There will always be the urge to violence and always some people whose infirmity or perversity of mind will enable them to carry it out in some dramatic or closeted fashion. Most of us go no further than, at most, to vent our frustration in some imagined and totally imaginary threat, like the unfortunate person who was prosecuted for tweating his jocular threat to blow up Nottingham airport. Of course we do not mean it: the utterance is all. But for some it is not, and the plan is hatched in some dark corner of the mind, almost certainly without any preliminary threat.
Those on the threshold of such a state may be encouraged to lose their inhibition by a culture, in films or video games, that seems to suggest that violence has only trivial or romantic consequences. There appears to be an acceptance that we will not discuss - how facile - why it happened at that particular screening.
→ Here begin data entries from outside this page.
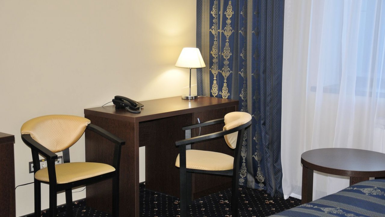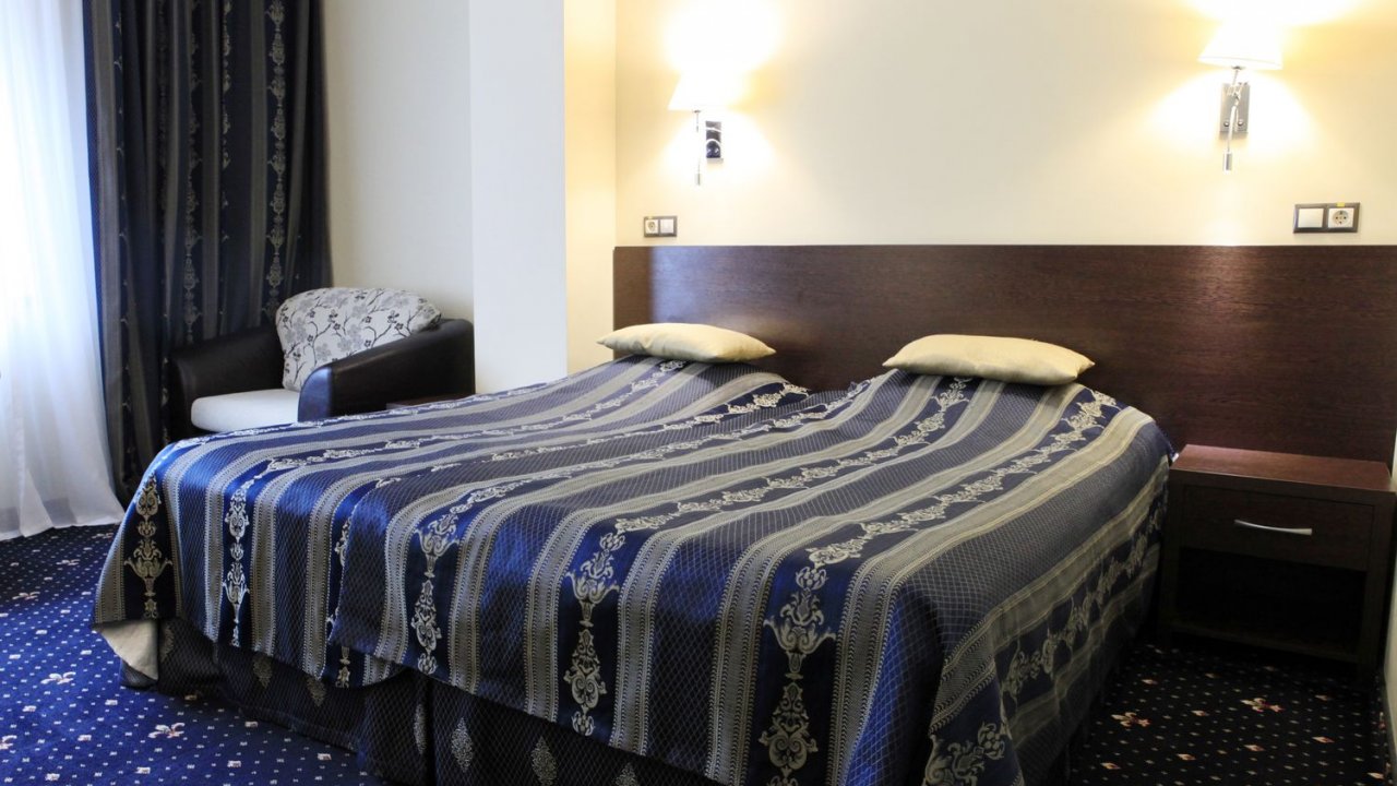 В номере: две удобные отдельные кровати (100х200 см), которые при необходимости легко можно соединить в одну двухспальную (200х200 см), две тумбочки, журнальный столик, два стула и письменный стол, настольная лампа, шкаф с зеркалом, ЖК телевизор, телефон, стеллаж, мини-бар, электрический чайник,   набор посуды, сейф, бесплатный wi-fi, кондиционер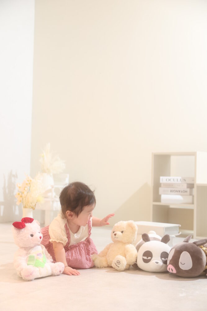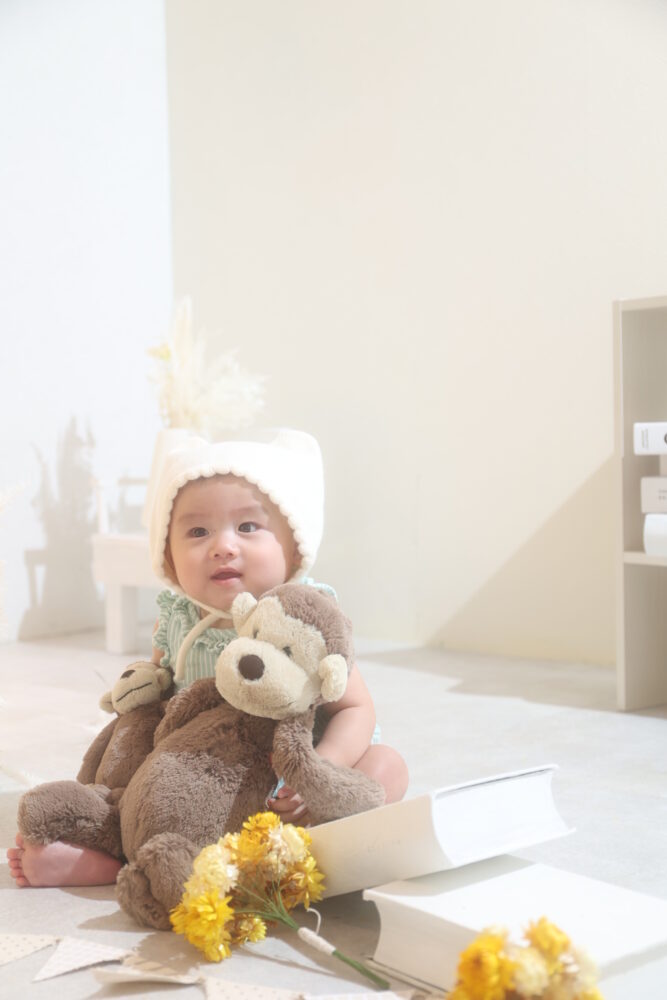 新生児から一緒!大事な思い出の詰まったぬいぐるみと一緒に撮影📸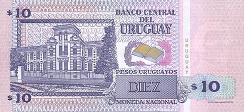 Уругвайские песо. Купюра номиналом в 10 UYU, реверс.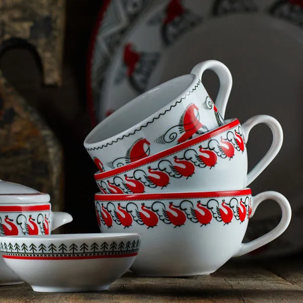 Чашка чайная «Мезень» Практик Кони фарфор 250мл D=90/119,H=63мм белый,красный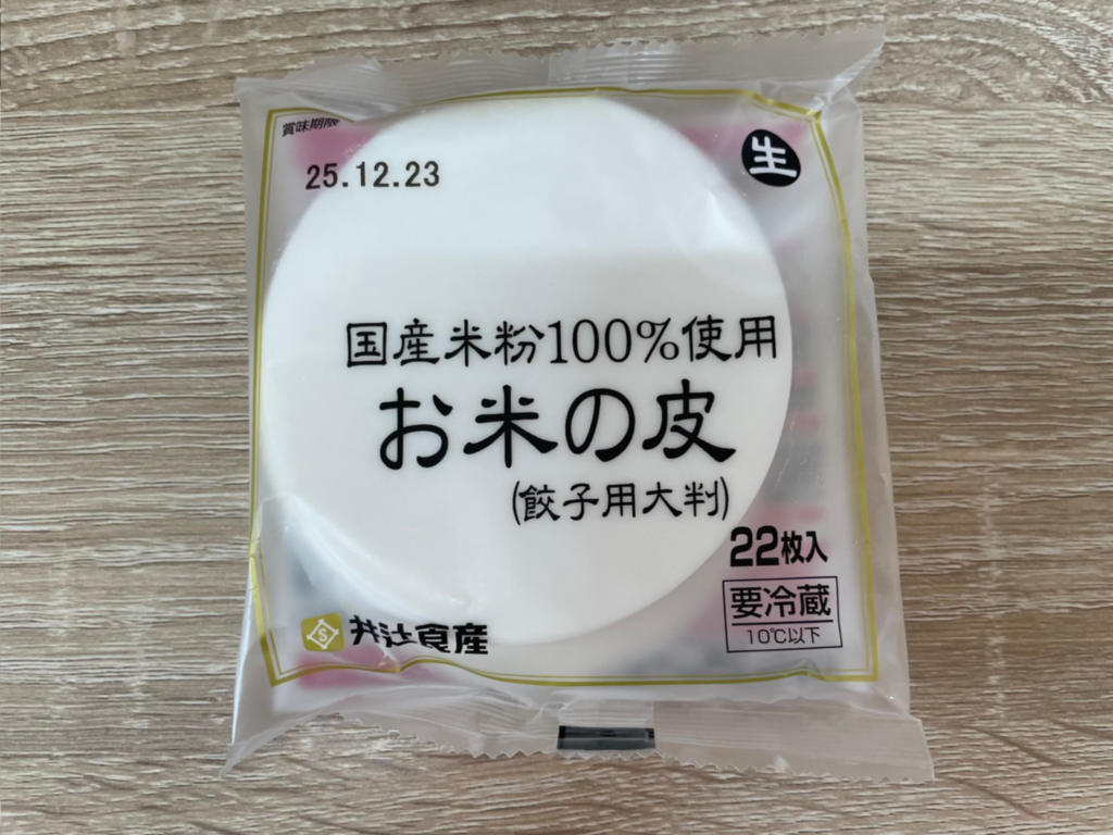 今回は近所の【ロピア】で購入した井辻食産さんの国産米粉100%使用お米の皮(餃子用大判)を使用します♡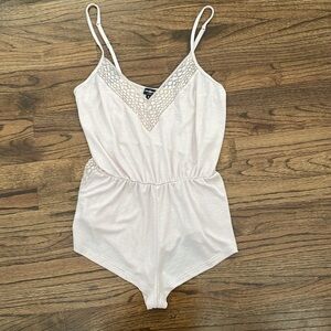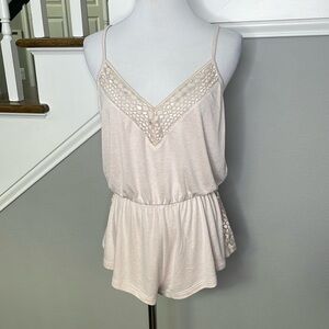 Cosabella Pale Pink Ribbed Sleeveless Lace Detail Loungewear Pajama Romper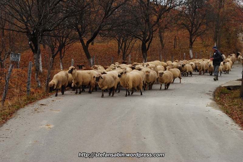 Ajungem la soseaua asfaltata ce duce spre Şotriile si continuam o portiune pe ea. Pe marginea drumului mai facem o pauza de masa si suntem asaltati de o turma de oi.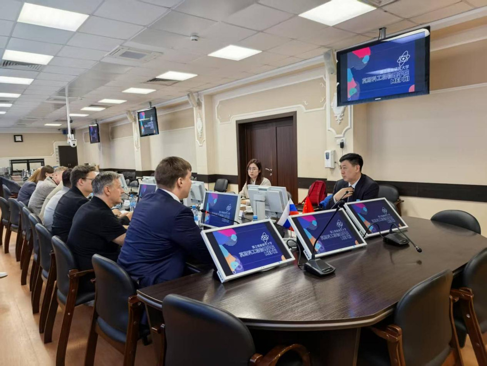 9月5日,代表团与俄罗斯国立核能研究大学副校长Savkin及材料相关院系负责人举行会谈。双方就学生培养、共同举办国际学术会议、联合开展科研攻关等事项达成一致,活动尾声,代表团面向该校师生开展了招生招聘推介。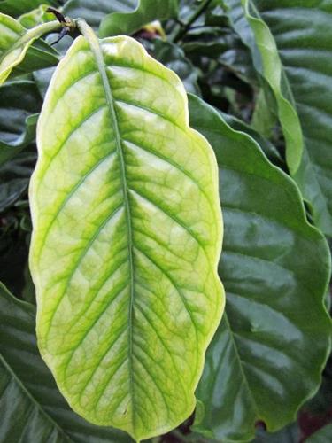 Las hojas jovenes desarrollan clorosis irregular con una costura verde-amarilla a lo largo del margen que luego crece hacia la vena central. Puede así dejar un área con bordes en forma de sierra al rededor de las venas principales. Si sigue la carencia, las venas tomarán una descoloración naranja-marrón también.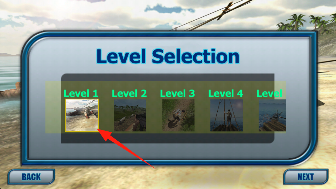 2、進(jìn)入Level-Selection界面,選擇Level-1關(guān)卡,開啟首場荒島生存挑戰(zhàn)任務(wù),點(diǎn)擊選擇關(guān)卡。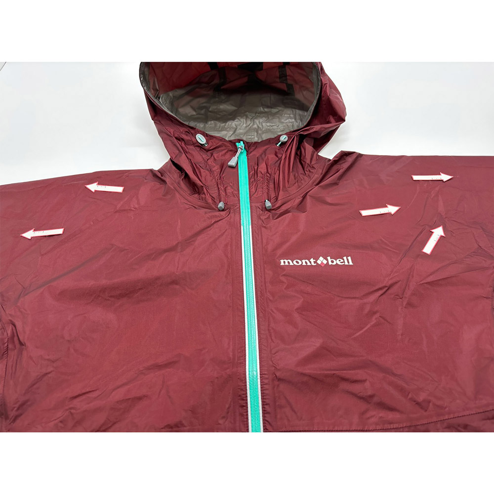 モンベルでは、レインウエアに求められる耐水圧20,000mm以上をクリアした素材のみを使用しています。
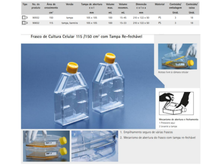 O frasco 90552 para cultivo celular e de tecidos, é estéril, tampa com filtro refechável, superfície tratada e área de crescimento de 115 ou 150 cm², eles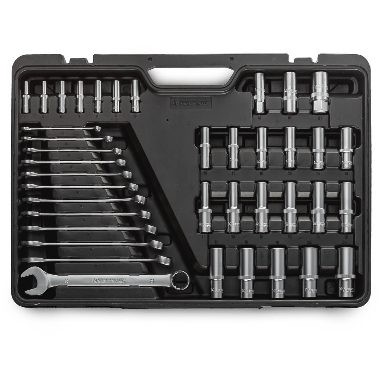 Набор включает в себя широкий диапазон размеров торцевых головок из 78 предметов, включая головки с Е-профилем, 3 свечные головки: 14, 16 и 21 мм, а также 12 комбинированных гаечных ключей с рабочими профилями 8 - 22 мм.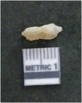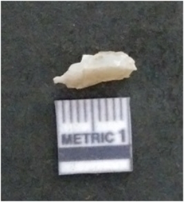 | Description / विवरण | The chalcedony flake is pale in color and translucent in appearance. The piece has s harp flaked ends and a bulbous end due to flaking. The flake has a crypto-crystalline silica matrix. |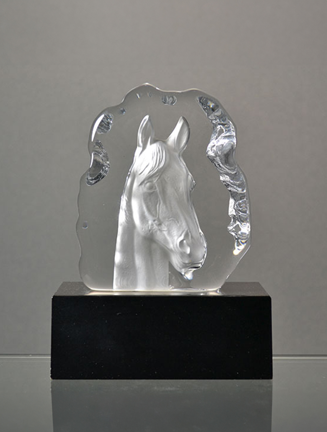 Glasblock gegossen inkl. Sockel L5505-Pferdekopf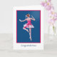 Die hübsche kleine Ballerina trifft eine Pose in ihrem rosa-weißen Kostüm auf blauem Hintergrund. Sie trägt weiße Handschuhe und hat ein weißes Band im Haar. Ihr Rücken wird dem Publikum zugewandt. Es macht ein großartiges Ballettmotiv-Bild auf dieser farbenfrohen Grußkarte, die Glückwünsche zu einem Tanzabend bietet.
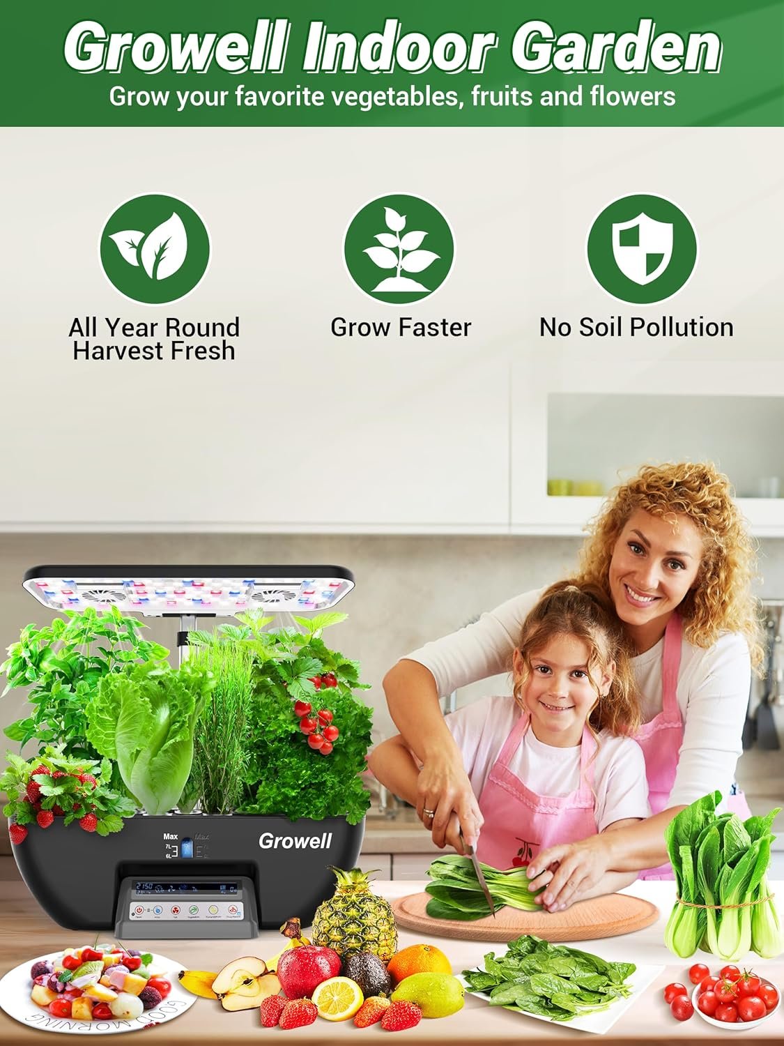 Jardín interior ideal: el jardín de hierbas de interior Growell ofrece dos modos de luz: modo vegetal y modo de frutas de flores, que se adaptan a todas tus preferencias de plantación, ya sean verduras, frutas, hierbas o flores. Con unas impresionantes 17 vainas, puedes cultivar más plantas a la vez. El poste de luz ajustable de 7.6 a 23.8 pulgadas soporta plantas en diferentes etapas de crecimiento. Con la maceta hidropónica Growell puedes disfrutar creciendo incluso durante los fríos meses de invierno cuando el sol está bajo.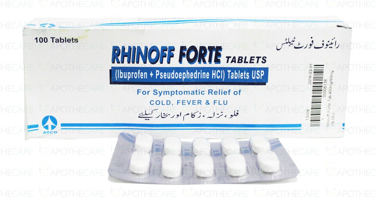 Product Name: Rhinoff Forte Tab 400mg/60mg 10x10'sProduct Form: TabletsPack Size: 10x10'sMarketed By: ATCO LABORATORIES (PVT) LTDGeneric Category: Cold preparation without Anti-infectivesIngredients: Ibuprofen 400mg ,Pseudoephedrine HCl 60mg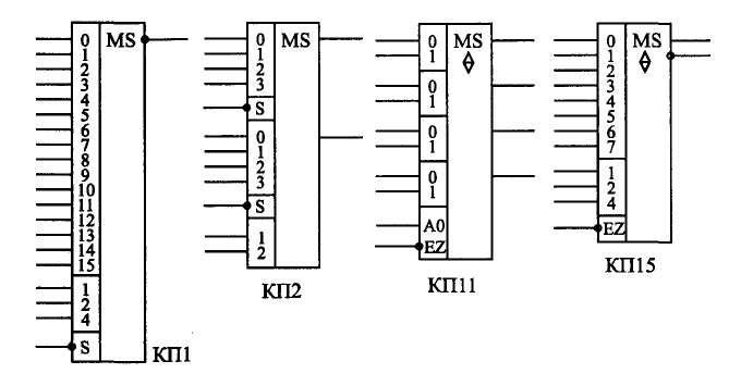 Малюнок 17.1. Приклади мікросхем мультиплексорів. На малюнку 17.1 показано для прикладу декілька мікросхем мультиплексорів з складу стандартних серій. У вітчизняних серіях мультиплексори мають код типу мікросхеми КП. На схемах мікросхеми мультиплексорів позначаються буквами MS.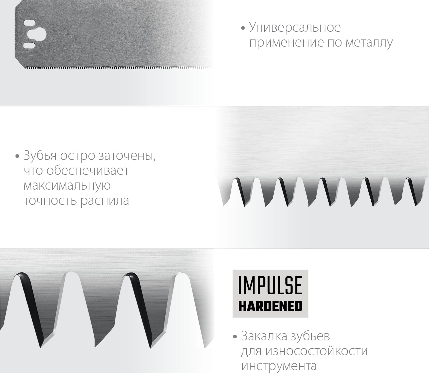 Изготовлено из высококачественной инструментальной стали. Зубья полотна остро заточены и подвергнуты многоуровневой закалке.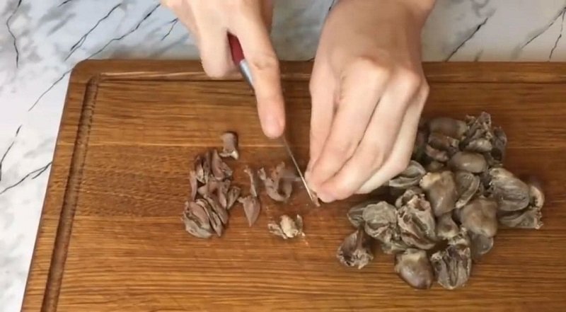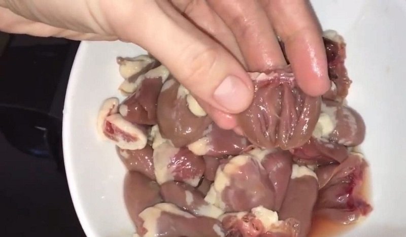 - Для начала нужно подготовить к варке куриные сердечка. Для этого снимаем с них пленку, обрезаем все лишнее, разрезаем и промываем внутри. Варим вместе с лавровым листом, черным и душистым перцем горошком на протяжении 30 минут.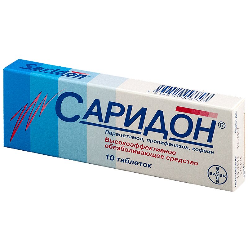 Саридон - комбинированное лекарственное средство, содержащее парацетамол, кофеин и пропифеназон. Парацетамол и пропифеназон оказывают болеутоляющее, жаропонижающее и противовоспалительное действие. Кофеин уменьшает сонливость и чувство усталости, оказывает действие на сердечно-сосудистую систему: увеличивает ЧСС, повышает АД при гипотонии и в данной комбинации усиливает болеутоляющее действие остальных компонентов.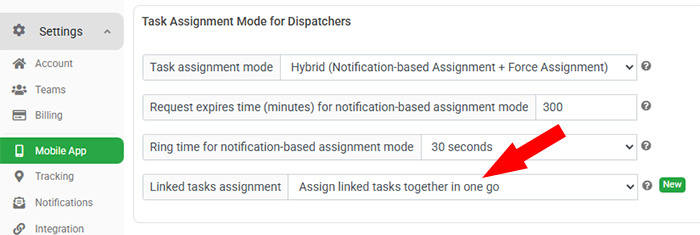 For teams that prefer a streamlined workflow, you can now enable the option to assign linked tasks together. When this mode is active, assigning one task from a job automatically triggers the system to check for any other unassigned linked pickup or delivery tasks. If additional linked tasks are found, they are assigned to the same driver at the same time automatically. This simplifies task assignment, reduces manual steps for dispatchers, and ensures consistency by keeping related tasks with a single driver. As a result, it helps prevent split assignments, minimizes coordination errors, and improves overall operational efficiency, especially for multi-stop or pickup-and-delivery jobs.

In the 'real' world our innate inhibitions are weakened in a society which by regulation and force pre-empts any inclination to violence. When barriers and armed policemen prevent us from walking past 10 Downing Street, as we could when I was a child, knowing how we should behave, then, for some, fantasies are free to fill the space that once was occupied by mutual social inhibitions. Has security actually made our society any less violent or safer? Are the Norwegians wrong? Is it so impossible here?
Perhaps that was the golden age, after a war that could only have been won by the whole population (an interesting and problematic contrast, perhaps, with Norway- did our triumph have the seeds of its own decay?), that undermined the presumptions of order and privilege, before new hierarchies developed to undermine assumptions of communality. Need it have been so transient?